No institution has exercised a more profound influence on Western civilisation than the Roman Catholic church.  The phenomenal success of The Da Vinci Code attests to the power it continues to wield over men’s minds and imaginations even when it no longer does so over their bodies and souls.

Edward Norman’s concise, lucid and thought-provoking history of the Church is therefore both welcome and timely.  Norman, a former Dean of Peterhouse, is said along with his former Cambridge colleagues, Maurice Cowling and Roger Scruton, to have provided a philosophical basis for Mrs Thatcher’s policies (a charge he himself vehemently denies).  Despite his reputation as a controversialist, his position here is impeccably orthodox.  He is clearly one of those who ‘believe that the Church as Christ’s body on earth participates in its indefectibility.’

Since leaving Cambridge, Norman has been Chancellor of York Minister and is currently curate of St James’s, Garlichythe.  Yet, while he remains an Anglican priest, his sympathies are plainly Roman.  Indeed, he cannot resist wicked digs at his own denomination as when he describes Montezuma’s suggestion to Cortez  that Aztec idols should stand on one side of a temple with the Cross and Virgin on the other as an ‘Anglican-style compromise’. 
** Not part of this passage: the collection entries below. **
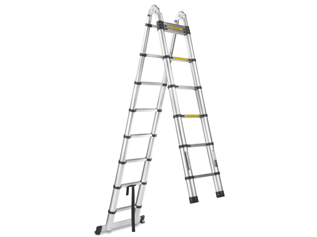 Телескопична алуминиева шарнирна стълба представлява усъвършенствана версия на традиционната телескопична стълба. Благодарение на допълнителния шарнирен механизъм позволява настройка в различни форми и позиции, което я прави изключително универсален инструмент. Телескопичната алуминиева стълба се сгъва и разгъва лесно, позволявайки регулиране на дължината според конкретните нужди. Тази стълба е много компактна и леснопреносима, което улеснява съхранението и транспорта.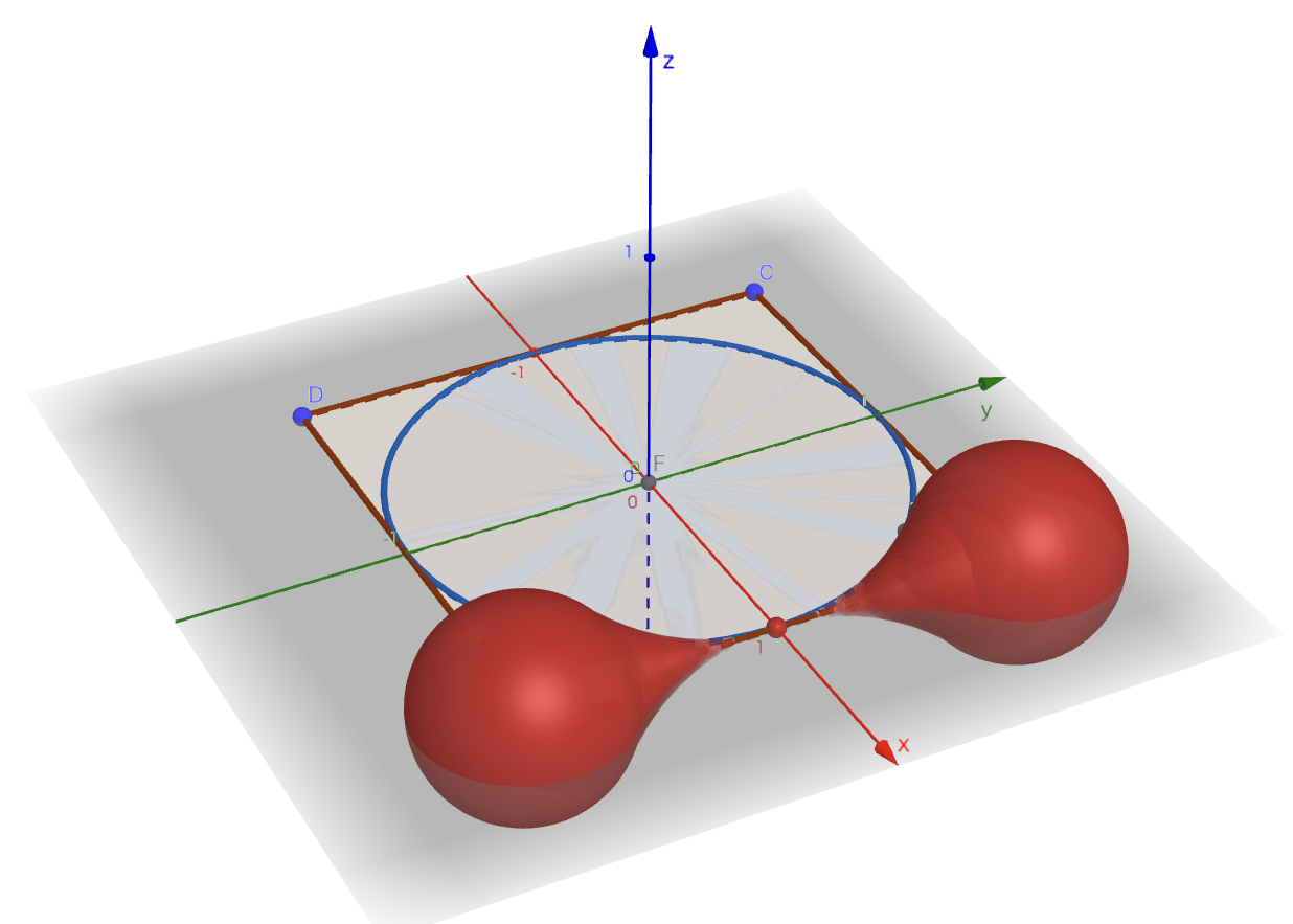$A\;(1,-1,0),\;B\;(1,1,0),\;C\;(-1,1,0),\;D\;(-1,-1,0)$の$4$点を頂点とする正方形$ABCD$がある。また、平面$ABCD$上で正方形$ABCD$に内接する円を$K$とする。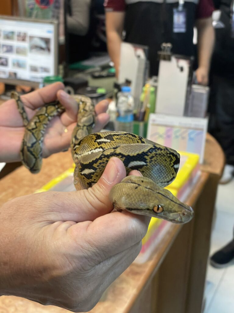 งูเหลือม จำนวน 1 ตัว นอกจากนี้ยังพบสัตว์มีชีวิตประเภทปลา ได้แก่ ปลาหางนกยูง จำนวน 22 ตัว ปลากัด จำนวน 2 ตัว รวมทั้งสิ้น จำนวน 46 ตัว โดยของกลางทั้งหมดบรรจุอยู่ในกระเป๋าเดินทางที่ผู้โดยสารจะโหลดใต้ท้องเครื่อง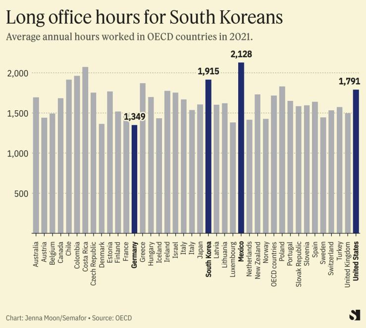 South Korea has among the highest work-hour averages within OECD countries, and as of 2021 recorded an average of 1,915 work hours, compared to 1,607 on average in Japan.
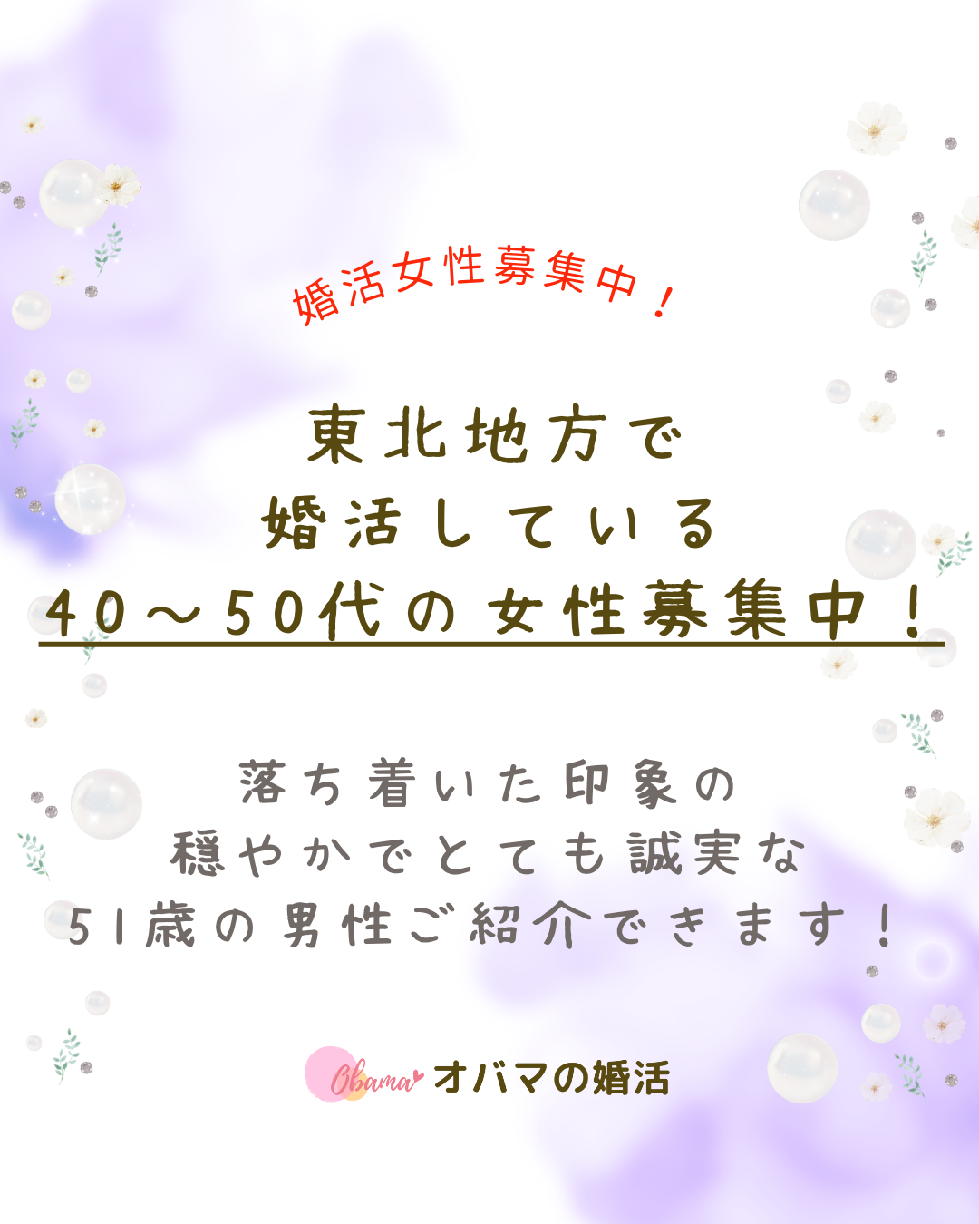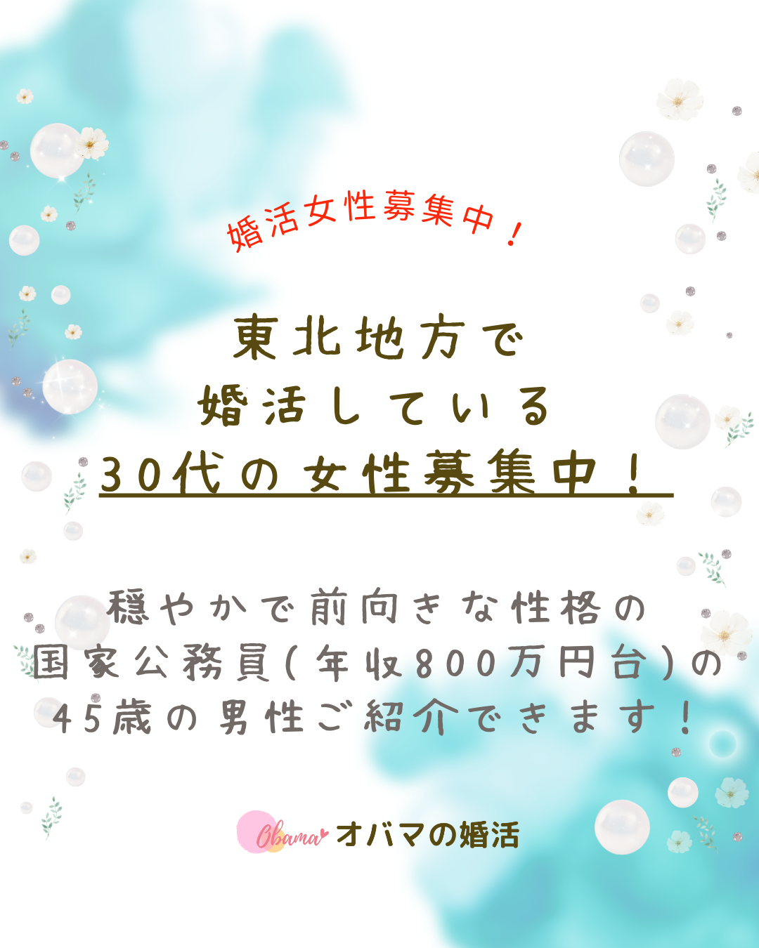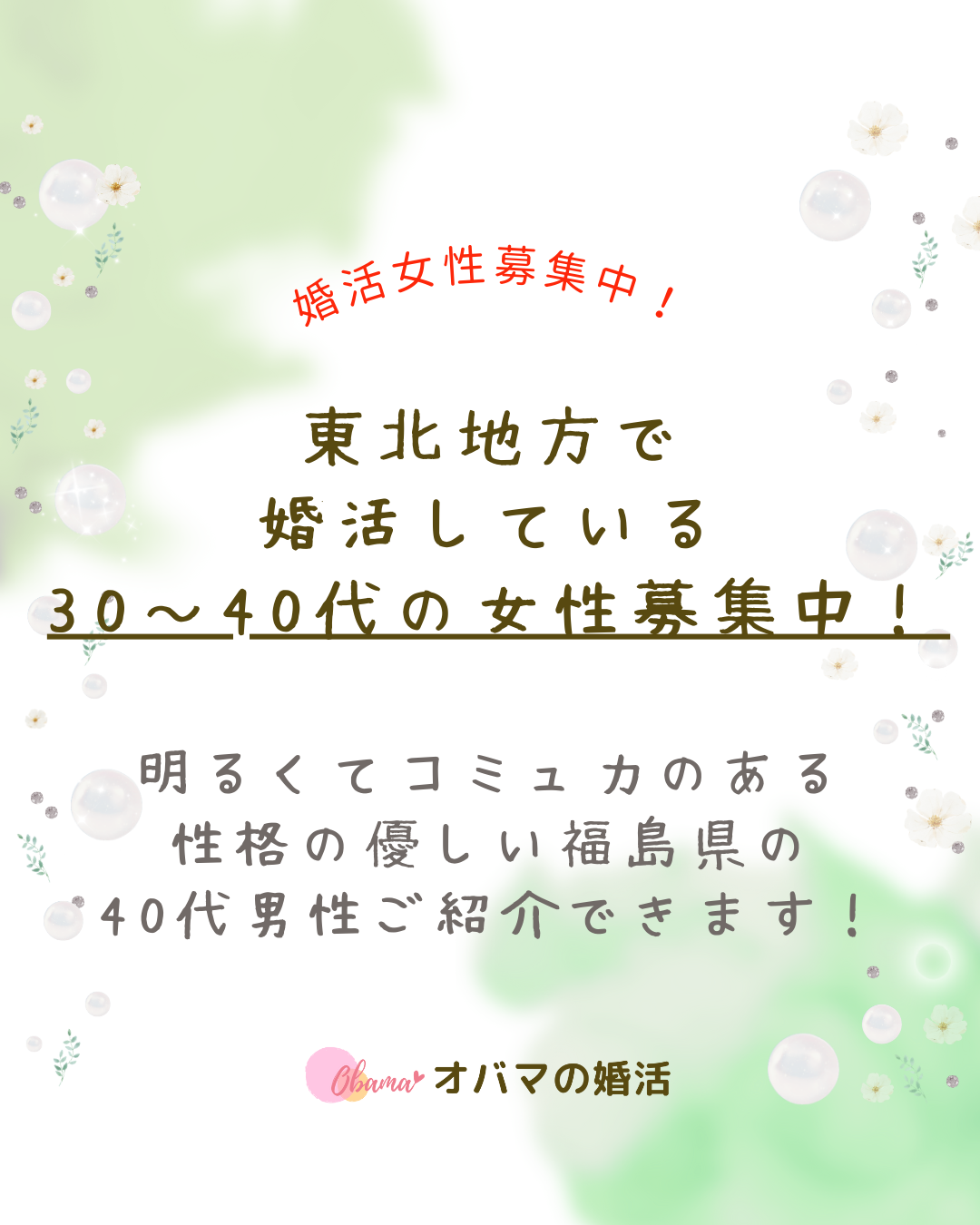 ・お相手に安定を求める方・東北地方にお住まいの方(宮城・福島・山形の方などにおススメ※可能であれば、宮城または福島に定住出来る方)

He regards the Roman Catholic church as directly ordained by Christ and imbued with his authority.  ‘To be a Christian is to be part of the original apostolic tradition conveyed to the world by those appointed by Christ himself.’  He has no problem with the doctrine of papal infallibility which, while accredited since earliest times, was only codified in 1870 during the pontificate of Pius IX, who conveniently declared ‘Before I was pope, I believed in the Infallibility… now I feel it.’

Norman has boundless sympathy for his subject.  This is not the place to look for an account of the decadence of the Borgia popes, still less of the controversy over Pius XII’s conduct during the Second World War.  He even manages to shift the blame for the Inquisition by depicting it as a legacy of the twelfth century Islamic heresy courts and insisting that it was far more enlightened than the secular courts of its time, with its ‘excesses’ largely the product of Protestant propaganda.

The book offers a clear chronological history of the Church, from the early councils through the growth of monasticism and the schism between East and West (which, while officially occurring in 1054 over an arcane theological dispute about the Holy Ghost had effectively occurred centuries earlier), to the Reformation and Counter Reformation.  It convincingly shows how the Church’s contraction in Europe was matched by an expansion in Asia and the Americas which both revitalised it and made it truly universal.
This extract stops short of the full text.